▶ _Problem requirements_
Find the line with "USB:Sofá com uma" in the records below. Output exactly from there until after the line with "Custom Sublimation Photo", without pictures.

▶ _Data section_
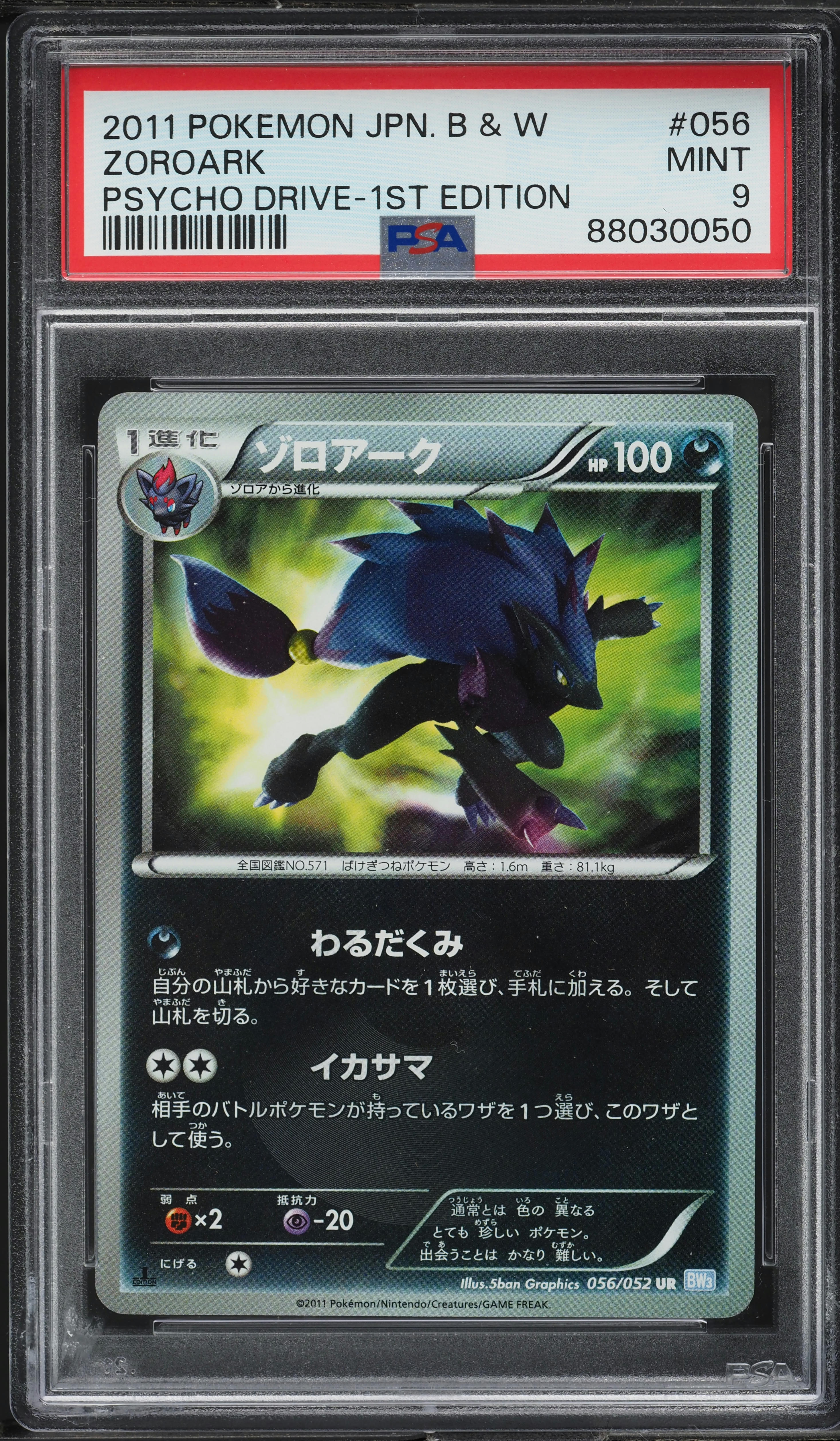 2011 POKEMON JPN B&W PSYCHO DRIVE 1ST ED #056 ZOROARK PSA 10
---
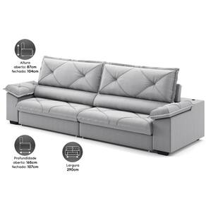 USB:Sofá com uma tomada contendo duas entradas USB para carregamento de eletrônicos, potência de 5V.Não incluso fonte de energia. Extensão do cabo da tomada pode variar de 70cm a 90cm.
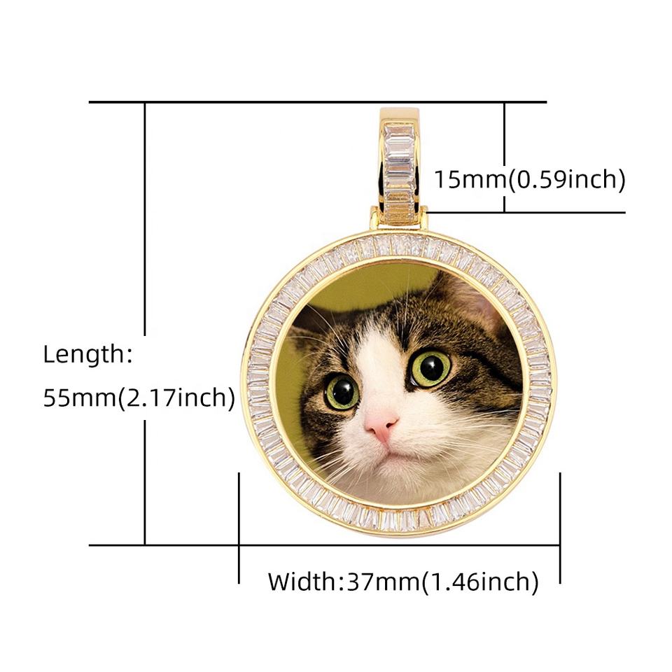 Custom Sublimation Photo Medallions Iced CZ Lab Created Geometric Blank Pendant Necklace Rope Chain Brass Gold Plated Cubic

▶ _Solved exercise_
 USB:Sofá com uma tomada contendo duas entradas USB para carregamento de eletrônicos, potência de 5V.Não incluso fonte de energia. Extensão do cabo da tomada pode variar de 70cm a 90cm.
 Custom Sublimation Photo Medallions Iced CZ Lab Created Geometric Blank Pendant Necklace Rope Chain Brass Gold Plated Cubic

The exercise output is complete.